MED1:DNA Complex (C. elegans)

Created by Muhibullah Tora

   The MED-1:DNA Complex  (PDB ID: 2KAE) is the association of the MED-1 zinc finger protein (MED1zf) and a very specific DNA sequence. Functionally, MED1zf primarily acts as a transcriptional regulator affecting cell fates and differentiation1. MED1zf is the first GATA-type protein identified that has a binding site that is significantly divergent in binding sequence from the canonical GAT nucleotide sequence with typical GATA-type proteins 2. The proper development of the C. elegans hinges on this one protein’s association with a very specific DNA sequence. And this physiological degree of importance cannot separated from the protein’s structure.
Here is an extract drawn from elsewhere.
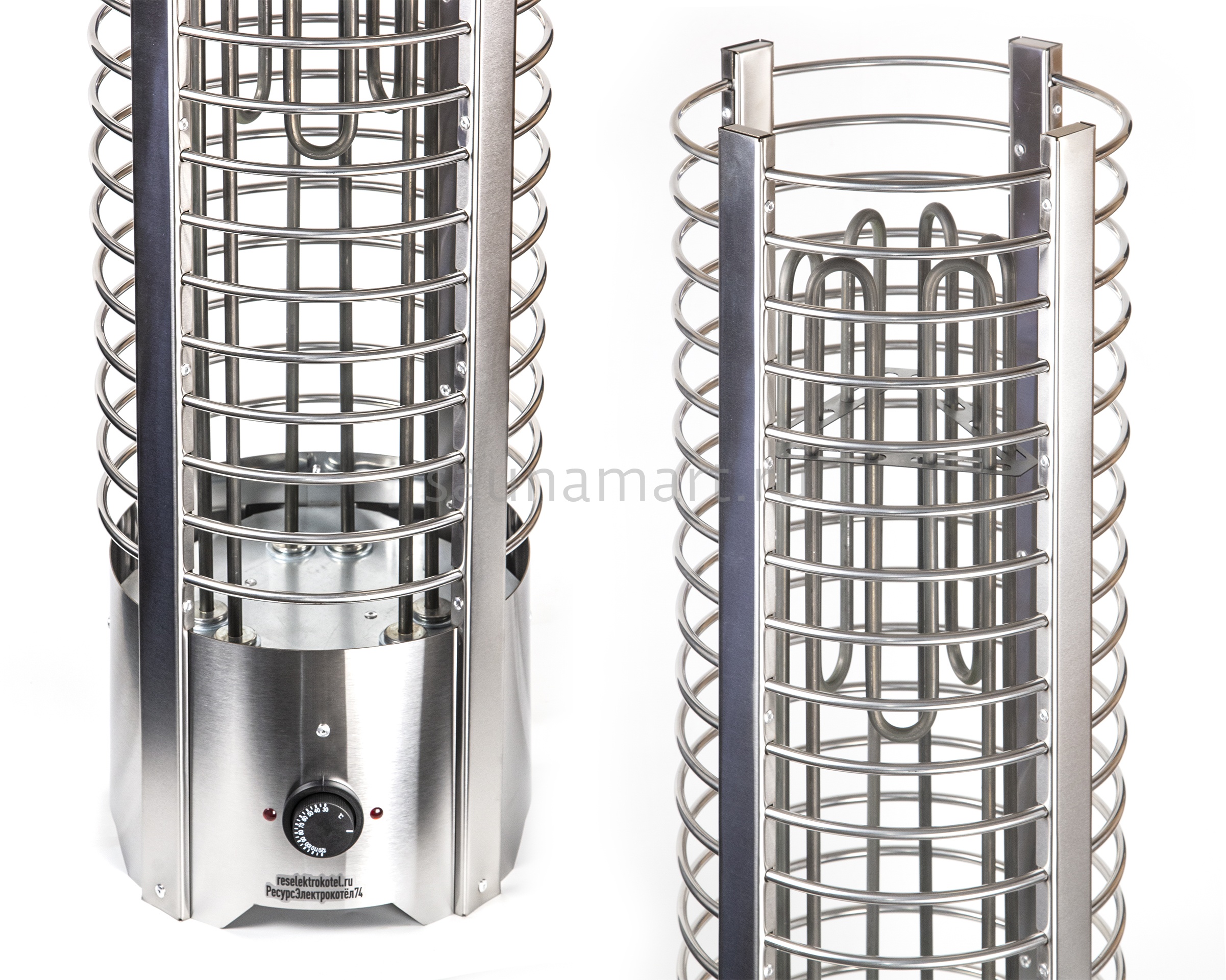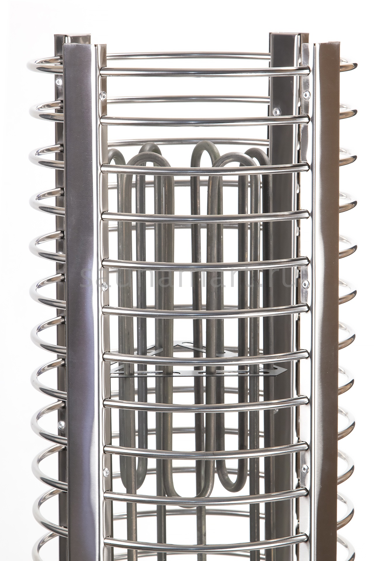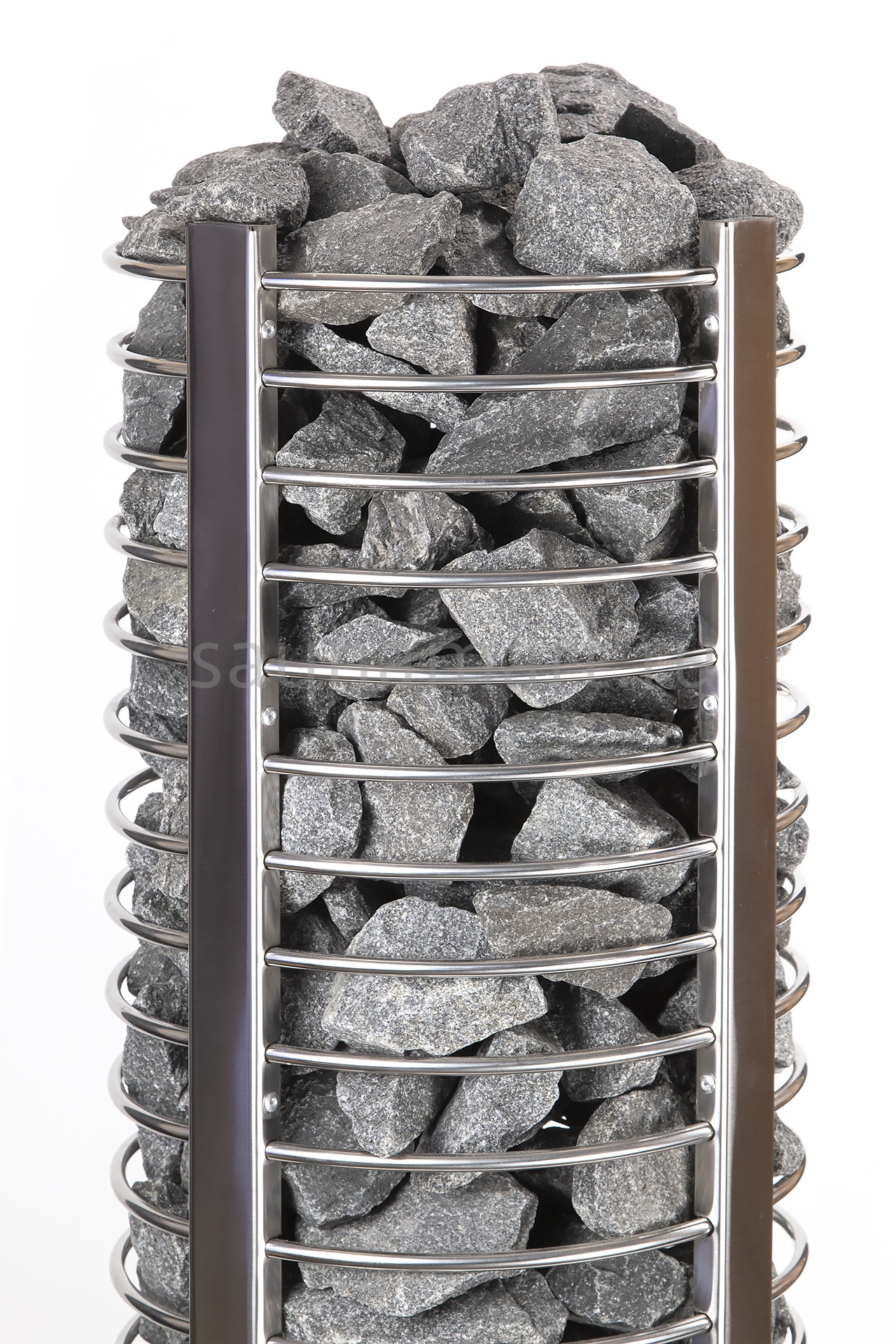 Печь комплектуется выносным пультом управления с 5-метровым кабелем. Нагревательные элементы (ТЭНы) изготовлены из нержавеющей стали AISI 304. Вариант размещения - напольный, требует монтажа на негорючее основание. Каменка открытого типа с верхней загрузкой. Имеется встроенный пароиспаритель с механическим клапаном регулировки пара. Дополнительно: защита от перегрева и система аварийного отключения.

   In addition to the regulatory targets, MED1 can be considered a divergent GATA-type zinc finger transcription factor. That said, GATA-type transcription factors have been demonstrated to have varying levels of involvement in an array of proteins such as P53 3, CKD-8 4 et al and has also been implicated in disease pathways such as down syndrome 5 and acute megakaryblastic leukemia 6 et al. The biological significance of the MED1zf protein is apparent. Its coupling with DNA to form the MED-1:DNA complex is incumbent upon its function, and its function derives its biological significance. In addition, one can transitively assert that its structure confers its function and its significance. It is thus imperative to analyze the structure of the MED-1:DNA complex to elucidate the intricacies of its function and its mechanism of function.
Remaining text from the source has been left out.